The grill is there to comply with canon 964 but in many instances, it actually falls short of being in compliance for lack of being “fixed” – which is the value that is higher than providing any sense of anonymity.

The canon is not addressing anonymity. There are confessionals that do obfuscate the face of the person confessing – I have encountered more of them in visiting the United States that I have seen throughout Europe. Often involves the use of slats or of a cloth over the grate of the confessional.

This photo from a parish in Canada shows the level of opacity that is what I typically experience in confessionals where I am a confessor.

 
I have a mid century side chair with caning on the sides. I call it the “grille seat” 🙂
 
I’m lucky enough to live near a chapel that offers confession for about 5-6 hours per day, 6 days a week.
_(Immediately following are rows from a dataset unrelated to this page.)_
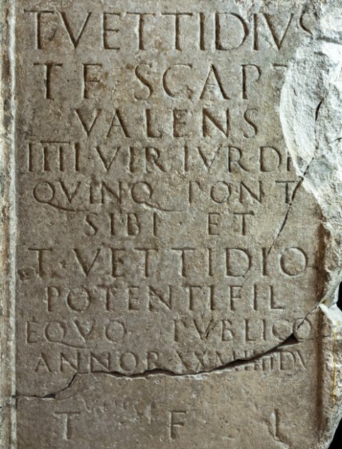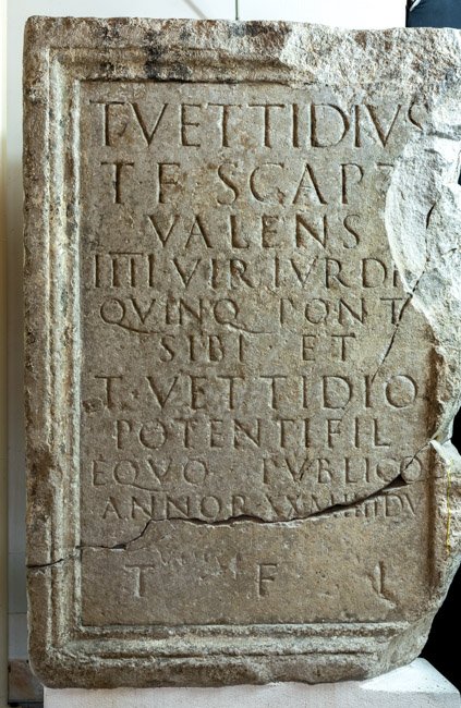 - T(itus) Vettidius / T(iti) f(ilius) Scapt(ia) / Valens / IIIIvir iur(e) di[c(undo)] / quinq(uennalis) pont(ifex) / sibi et / T(ito) Vettidio / Potenti fil(io) / equo publico / annor(um) XX m(ensium) IIII d(ierum) V / t(estamento) f(ieri) i(ussit)
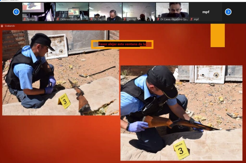 Relató que de esos peritajes, se pudo establecer que la persona que efectuó el disparo estuvo en un paredón a 2,5 metros de altura y a 68 metros de distancia de la víctima. Además explicó que se secuestró un arma. Era una escopeta con culata de madera que estaba apoyada sobre un colchón en el patio de la casa lindera a la de la familia Espinoza, que vive en Buta Ranquil y Zapala.
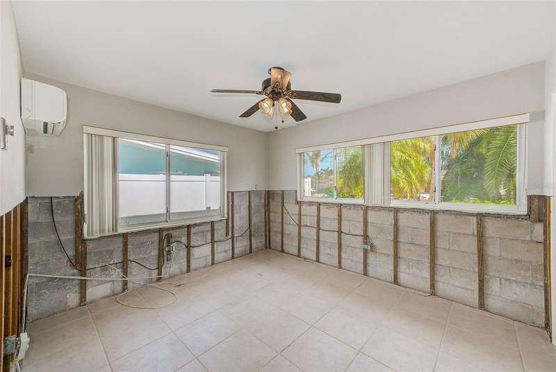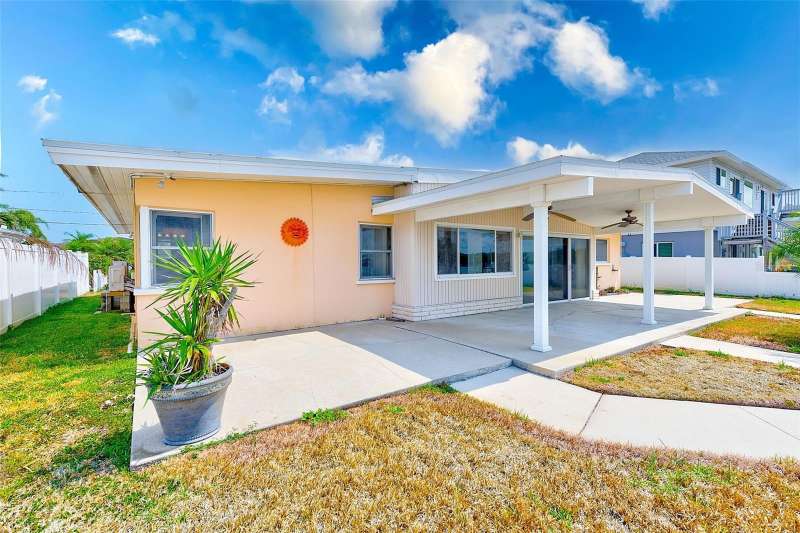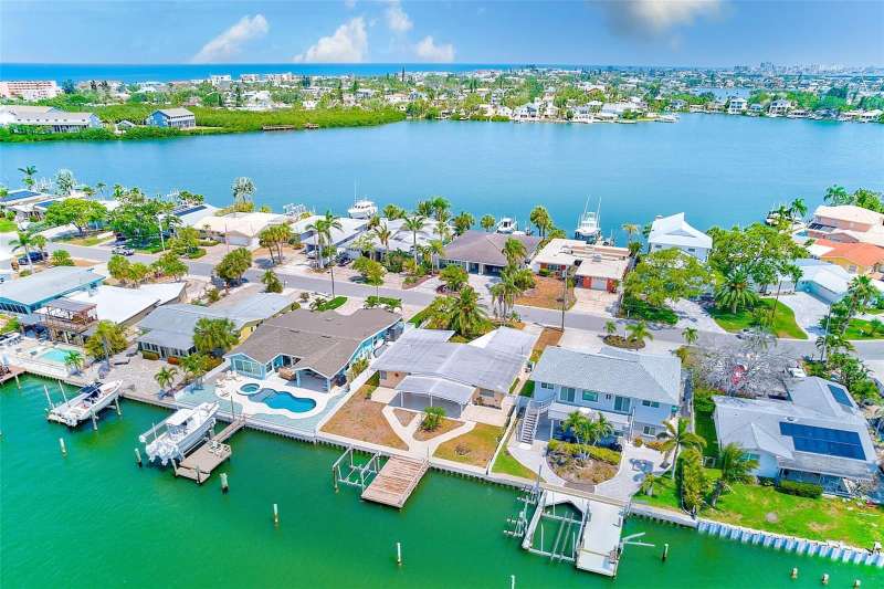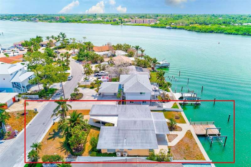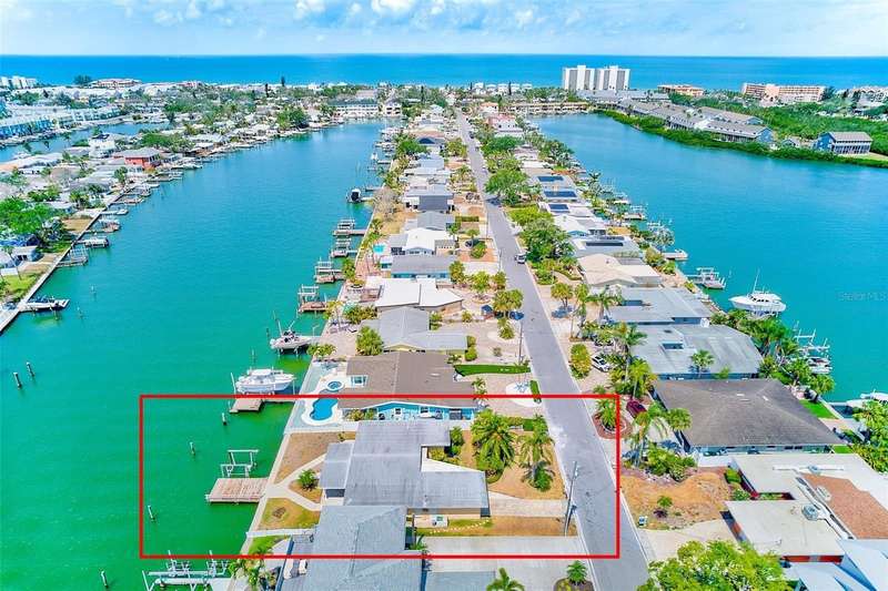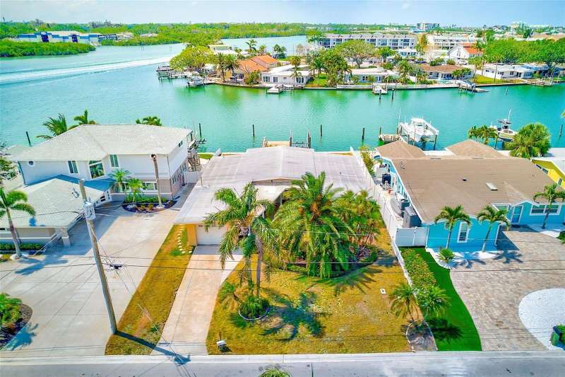 Under contract-accepting backup offers. Rare Waterfront Opportunity in Indian Rocks Beach! A beautiful, large lot with southern exposure on a wide, deep canal, right at the turn from the intracoastal waterway, provides stunning views, light and easy boating access from this beautiful location. Just a few minutes walk to the most beautiful sands and waters of Indian Rocks Beach. The front and back yards are professionally landscaped and maintained with a reclaimed water sprinkler system. The existing home, 2 bedrooms/2 baths, built with solid block construction, sustained some damages during 2024 hurricane Helene, but has been professionally remediated—offering a rare chance to renovate or build your dream waterfront home from the ground up. The home has its original Terrazzo floors under the ceramic tiles. Newer Roof and Ac's units ( 3 split units). Large kitchen, Living room/office/den combo space. Inside laundry room. Another area for dining room and a family room. Large covered back porch is the perfect spot for watching the boats go by, dolphins play, manatees and more. Seawall was recently rebuilt. Deeded Dock and lift need some updates. This generous lot is ideally situated in most sought after beautiful residential street in Indian Rocks Beach. It is also an great investment opportunity as short term rentals are allowed. This a dream location for a full time residence on the most beautiful beach, a part time beach retreat or a great investment opportunity. Indian rocks Beach is known for its welcoming atmosphere, beautiful beach and waters, great restaurants and parks. Don’t miss this exceptional piece of paradise in one of Florida’s most desirable beach communities! Sold As Is. Caution walking round the poperty as floors has some broken ceramaic tiles/damage.
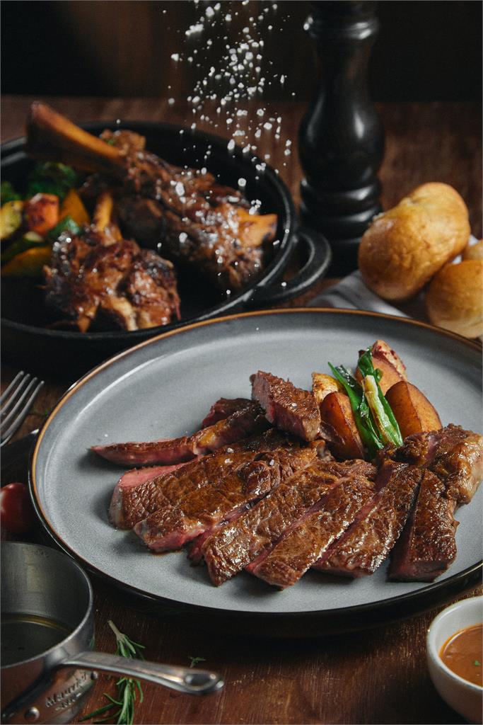 餐點方面,乾式熟成帶骨肋眼24oz是許多人推薦的必點招牌,熟成後的牛肉散發濃郁肉香,搭配綿密的馬鈴薯泥與香濃奶油菠菜泥;許多網美必訪打卡的餐後巨大巧克力蛋糕高達25公分,苦甜交織的可可風味,視覺與味蕾的雙重震撼。
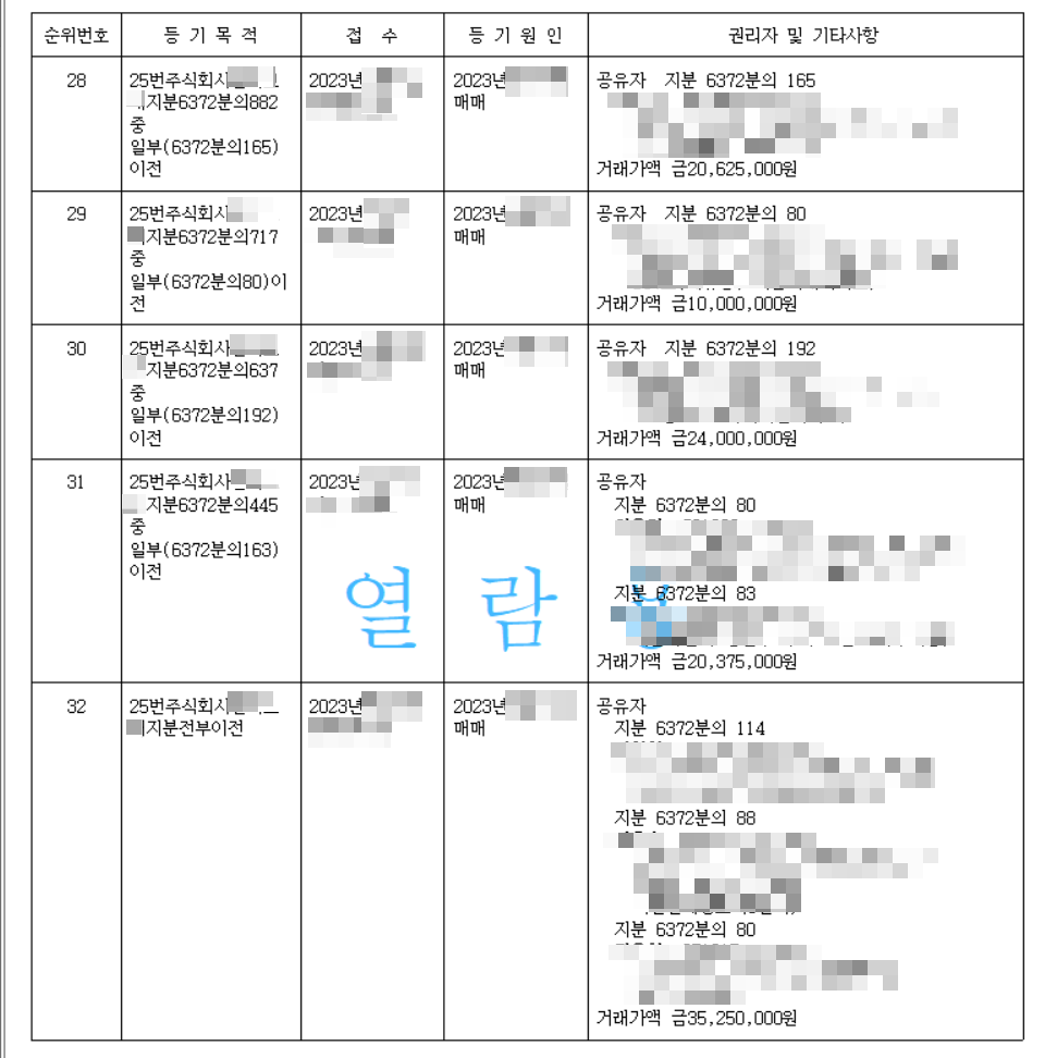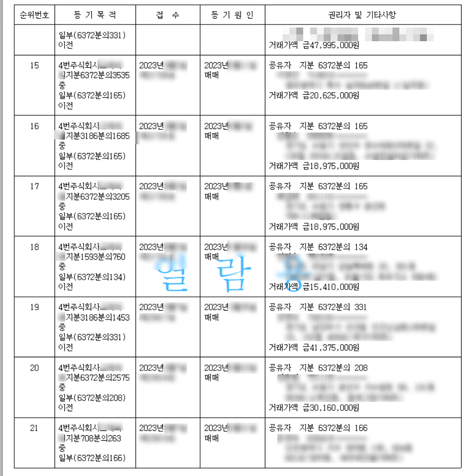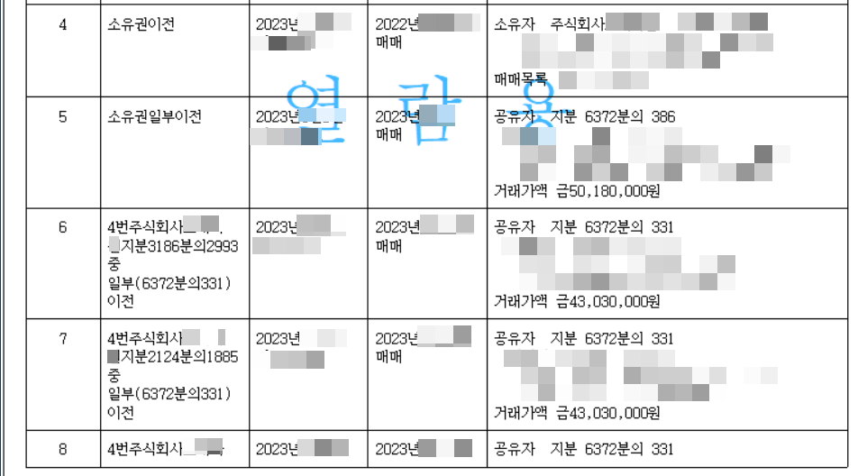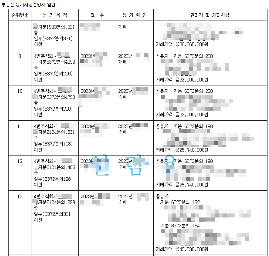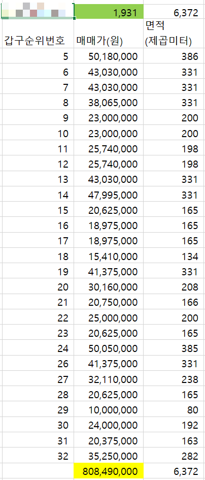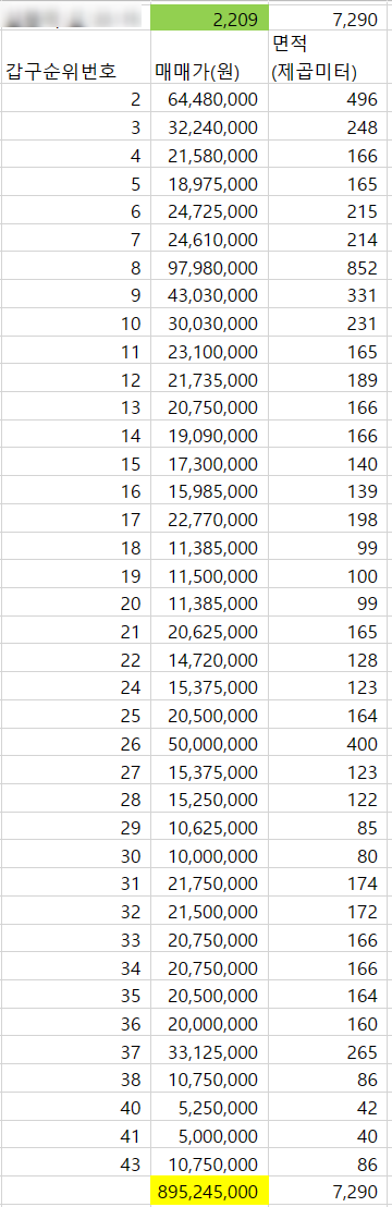 다른 걸 떠나서, 저런 땅을 저렇게 순식간에 판매하는 노하우만큼은 배워보고싶네요. 정말 대단합니다. 여기까지 글 쓰는데 꽤나 힘들었습니다. 등기사항 전부증명서 상의 민감한 부분을 하나하나 모자이크 하고, 판매금액과 면적 등 하나하나 확인 후 엑셀로 입력해서 더하는 과정이.. 힘드네요.
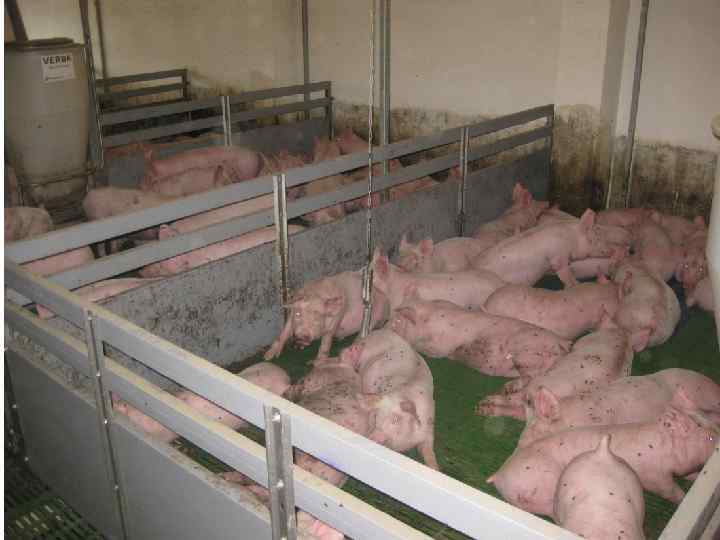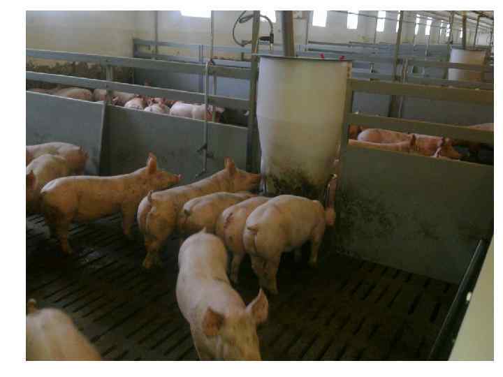 Откорм • • • С 69 (? ? ? ) до 181 (? ? ? ) дня Рост от 27, 3 до 123, 5 кг (не ремки!) ССП 860 г/день Потери 0, 8 % - выбраковки 1 % Сплошные стенки у станков (меньше циркуляции инфекции) Плотность Температурный режим Схема кормления Контроль воды • Ночная смена
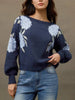 Dámské elegantní námořnictvo květinové tisk člun krku svetr
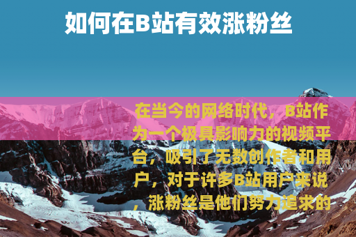 在当今的网络时代,B站作为一个极具影响力的视频平台,吸引了无数创作者和用户,对于许多B站用户来说,涨粉丝是他们努力追求的目标之一,因为粉丝数量不仅代表着受欢迎程度,还能为创作者带来更多的机会和收益。
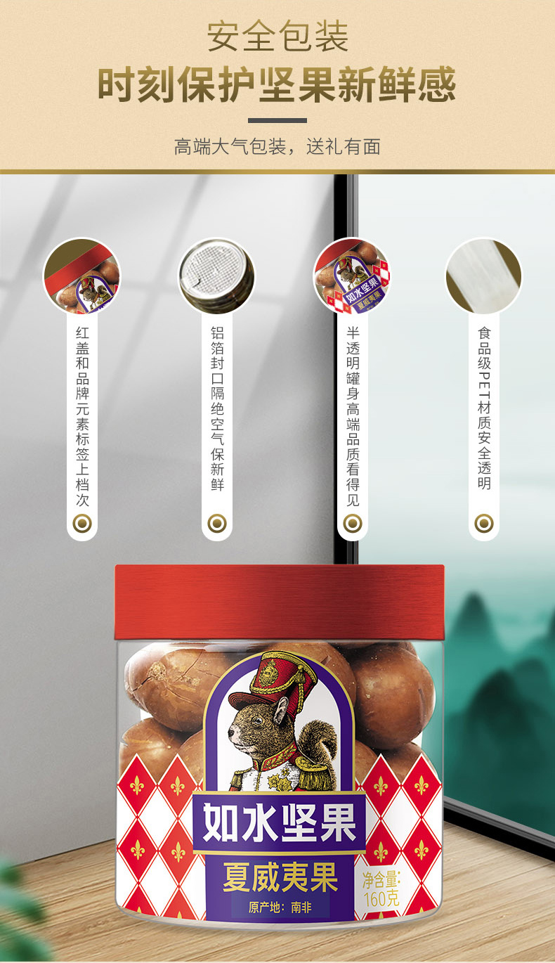 商品名称:如水夏威夷果160g*2罐
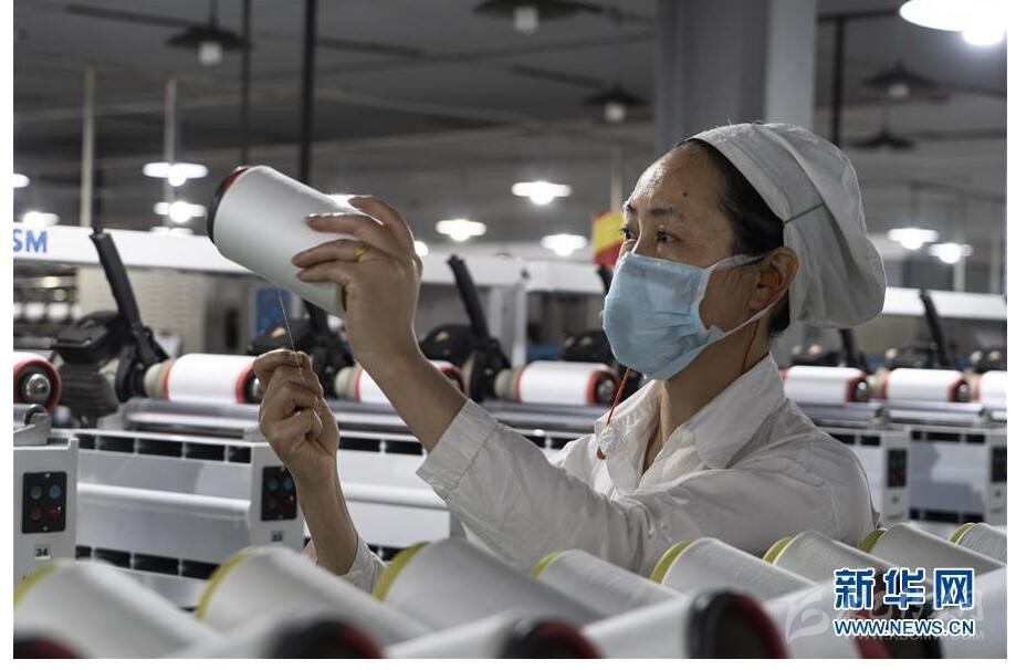 4月19日,在蘆山縣一家紡織企業,工人在檢查產品生產情況。
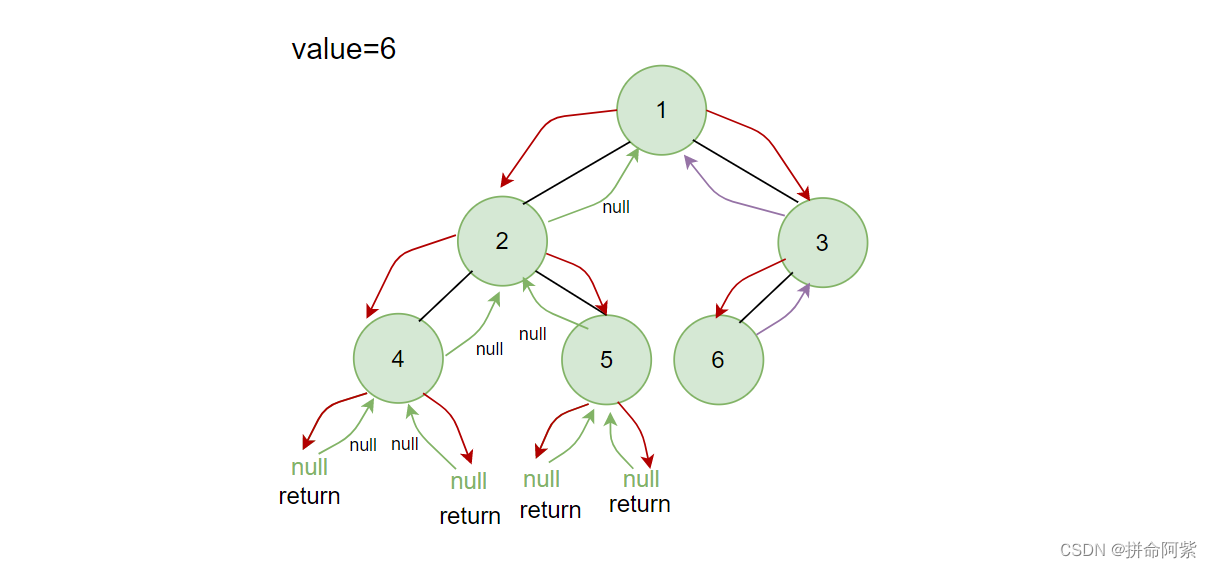 public Node find(Node root, int value) {if (isEmpty(root)) {return null;}//当元素存在直接返回这个元素的节点if (root.val == value) {return root;}//访问左子树Node nodeL = find(root.left,value);if (nodeL != null) {return nodeL;}//访问右子树Node nodeR = find(root.right,value);if (nodeR != null) {return nodeR;}//如果没有这个节点就返回nullreturn null;

As long as I time it correctly, usually from about an hour after the last morning Mass up to about 90 minutes before the first evening Mass, I can walk in and out without being seen by anyone. I’m like a penitential ninja spy :male_detective:.
 
None of the traditional confessionals I’m familiar with would have allowed abuse since the priest was enclosed in a box with no physical access to the penitent beyond his/her voice.
This is exactly the type of confessionals which we had in my former parish. They were essentially 3 separate rooms, with a fixed grille on either side of the priest. Each confessional also had a opaque curtain both on the penitent’s side and the priest’s side. These were new confessionals, not old ones, well lit, spacious, where one could either kneel or sit. The priest and penitent had no access to each other except by voice. The parish was large and the lines were long; I doubt that the priest could recognize every voice even if he had wanted to, which he didn’t.
 
I’ve seen some windows in the door but they are like stained glass. Others are doors with padding on them like carpet so you can’t hear the penitent. I haven’t seen glass doors but I do see stained glass in confessional doors a lot
 
Worst one I’ve ever seen, in a little historical country Church. A glass box with a door and two chairs in the middle. Just sitting there, in the middle of an open space, not a blind or drape or frosted glass. Glass box, two chairs, a door.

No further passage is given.